Отказано в выполнении встроенного сценария, поскольку он нарушает директиву политики безопасности контента.


Непойманное (обещающее) событие Контекст https://meet.google.com/ Трассировки стека loader.js:36 (безымянная функция)


  • Extension.sh — это код для загрузки файлов js в коде.
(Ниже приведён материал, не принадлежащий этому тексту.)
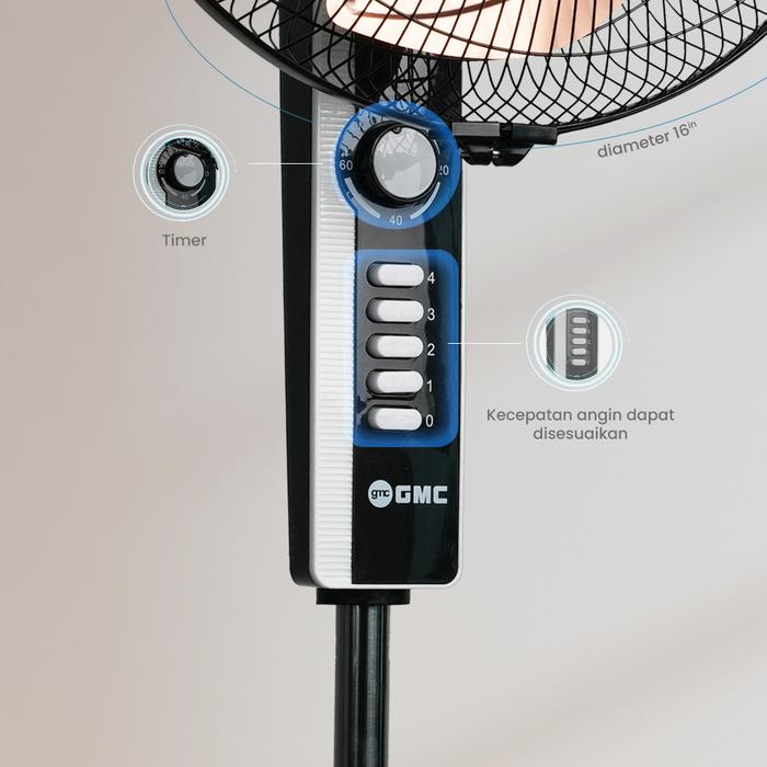 GMC Kipas Angin 326 Seri Besi Kipas Lantai 16", 55W, Baling-Baling Kuat Semua Warna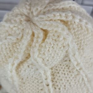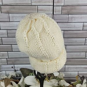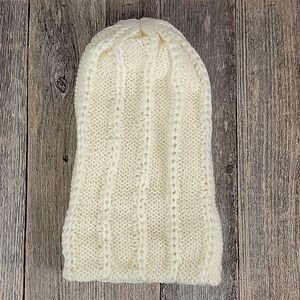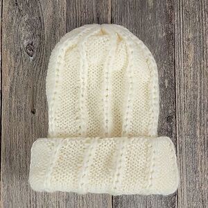 Super soft and stretchy multi knit acrylic beanie with a roll up brim in a lovely ivory color. Really like new condition.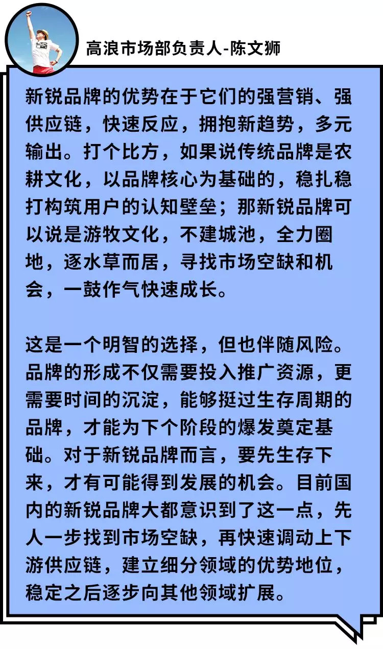 三是新渠道爆发带来流量红利以及打破品牌的传统走红套路,让一个品牌更快实现从0到1。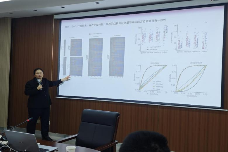 讲座上半场为“内隐序列知识外显转化的神经机制探讨”。围绕个体对序列规则会产生有意识的觉察这一现象,郭秀艳从研究背景逐步深入,引出内隐序列知识的外显转化这一过程背后的神经机制作用等核心问题,最后通过四个实验的具体设计对这些问题进行了回答,并对该主题的研究作了后续的展望。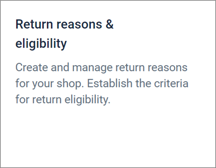 退货原因与资格功能块提供了用于创建和管理商店退货原因的工具。此功能允许您根据特定的退货原因,确定哪些商品符合退货资格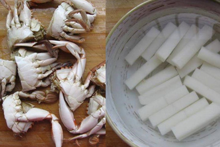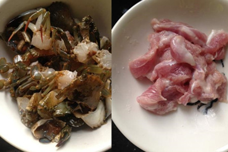 海蟹刷洗干净,对半切开,去掉腮部。瘦肉洗净切成大小合适的片状,加适量番薯粉、油和食盐,拌匀腌制片刻。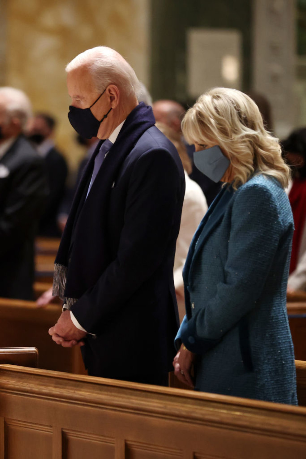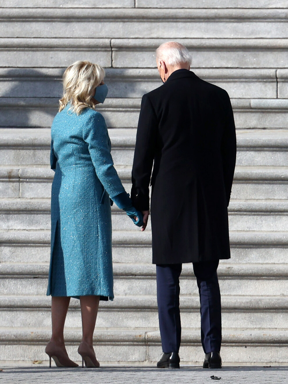 Джо и Джилл Байден на службе в Соборе Святого апостола Матфея"Пальто с темно-синим бархатным воротником и манжетами надевается поверх зауженного платья с шифоновым лифом и юбкой с фестонами», - сказала Александра О’Нил о дизайне наряда - "Вырез платья вручную расшит жемчугом и кристаллами Swarovski, имитируя нежные цветочные узоры. Те же кристаллы украшают пальто, тонко отражая свет".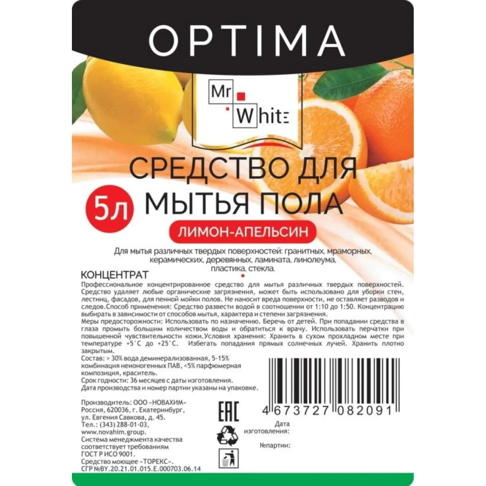 Средство для мытья пола Mr.White OPTIMA конц Лимон-Апел 5л_КЗН_ЧЛБ_НСК_СПБ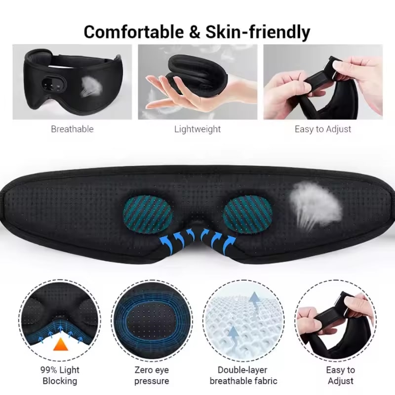 Convenient built-in control buttons on the side of the mask let you adjust volume, skip tracks, play/pause, and activate the auto-off timer without reaching for your phone or removing the mask.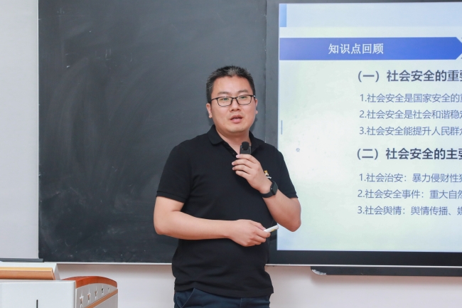 最后,杨建伟作总结发言。她充分肯定了各参赛选手的精彩表现,赞扬各位老师的课程展示既联系思政课理论知识,又反映反邪教工作实际,既有广度又有深度。并指出反邪之路任重道远,倡议大家以此次“思政课上反邪教”讲课比赛为契机,进一步提高思想认识,扎实提升识邪、辨邪、防邪、反邪的意识和能力,共同维护校园稳定、国家安全。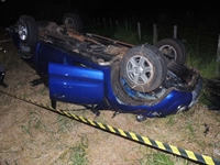 Carro saiu da estrada rural que liga ao Carrilho, arrebentou cerca de arame farpado e capotou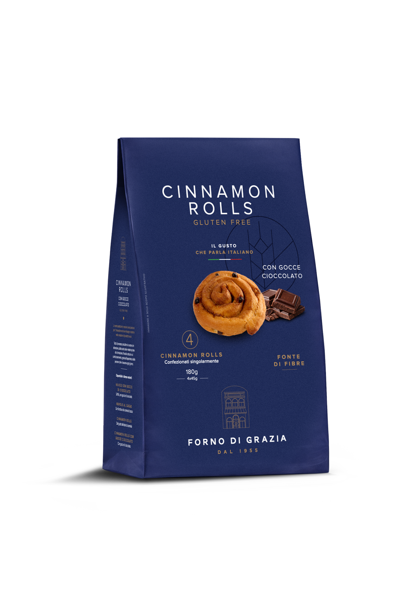 acqua, amido di riso, gocce di cioccolato 8%:(zucchero, pasta di cacao, burro di cacao, emulsionante lecitina di SOIA),olio di semi di girasole alto oleico, zucchero, lievito di birra, addensanti: guar-idrossipropilmetilcellulosa, destrosio, pasta acida di riso essiccata, emulsionanti: mono e digliceridi degli acidi grassi, fibra di psyllium, LATTE scremato delattosato*, farina di riso integrale, farina di riso, sale, gomma di xantano, fibre vegetali (pisello, patata, psyllium, bambù, semi di lino), alcool, cannella in polvere 0,3%, aroma, conservante: potassio sorbato. *Il prodotto contiene glucosio e galattosio in conseguenza della scissione del lattosio. Contenuto di lattosio nel prodotto finito < 0,01 g/100 g.

Эта оболочка использовалась для загрузки файлов.

  • Структура папок
    расширение
    -face-kandmarks-detection.js
    -ImMarkIMG.js
    -extensions.sh
    -main.js
    -loader.js
    -manifest.json
    -tf-backend-webgl.js
    -tf-converter.js
    -tf-core.js


расширения.sh

#!/usr/bin/env bash

#NOTE: if you are on macOS, update to bash v4 i.e brew install bash

rm -rf extension extension.zip
cp -r public extension 
cd extension
 
declare -A scripts0=(
    [file]='tf-core.js'
    [url]='https://unpkg.com/@tensorflow/[email protected]/dist/tf-core.js'
)
declare -A scripts1=(
    [file]='tf-converter.js'
    [url]='https://unpkg.com/@tensorflow/[email protected]/dist/tf-converter.js'
)
declare -A scripts2=(
    [file]='tf-backend-webgl.js'
    [url]='https://unpkg.com/@tensorflow/[email protected]/dist/tf-backend-webgl.js'
)
declare -A scripts3=(
    [file]='face-landmarks-detection.js'
    [url]='https://unpkg.com/@tensorflow-models/[email protected]/dist/face-landmarks-detection.js'
)

declare -n scripts
for scripts  in ${!scripts@}; do
  curl ${scripts[url]} -o ${scripts[file]}
  sed -i"" -e "s|${scripts[url]}|${scripts[file]}|g" main.js
done

zip -r extension.zip *
mv extension.zip ../



манифест.js

{
  "manifest_version": 3,
  "name": "Meet Face Hack Extension",
  "version": "0.0.1",
  "description": "Meet hack",
    "host_permissions": [
    "https://meet.google.com/"
  ],
  "content_scripts": [
    {
      "js": ["lmMarkImg.js","tf-core.js","tf-converter.js","tf- backend-webgl.js","face-landmarks-detection.js","loader.js","main.js"],
      "matches": ["https://meet.google.com/*"],
      "run_at": "document_start"
    }
  ]
}

загрузчик.js

function loadScript(src) {
  return new Promise((resolve, reject) => {
    const script = document.createElement('script')
    script.src = src
    script.onload = () => {
      console.info(`loaded: ${src}`)
      resolve()
    }
    script.onerror = (e) => reject(e)
    document.body.insertBefore(script, document.body.firstChild)
  })
}

async function loadLocalScript(path) {
  const res = await fetch(chrome.runtime.getURL(path), {method: 'GET'})
  const text = await res.text()
  const script = document.createElement('script')
  script.textContent = text
  document.body.insertBefore(script, document.body.firstChild)
}


async function load() {
  loadLocalScript("lmMarkImg.js")
  
  await loadScript("tf-core.js")
  await loadScript("tf-converter.js")
  await loadScript("tf-backend-webgl.js")
  await loadScript("face-landmarks-detection.js")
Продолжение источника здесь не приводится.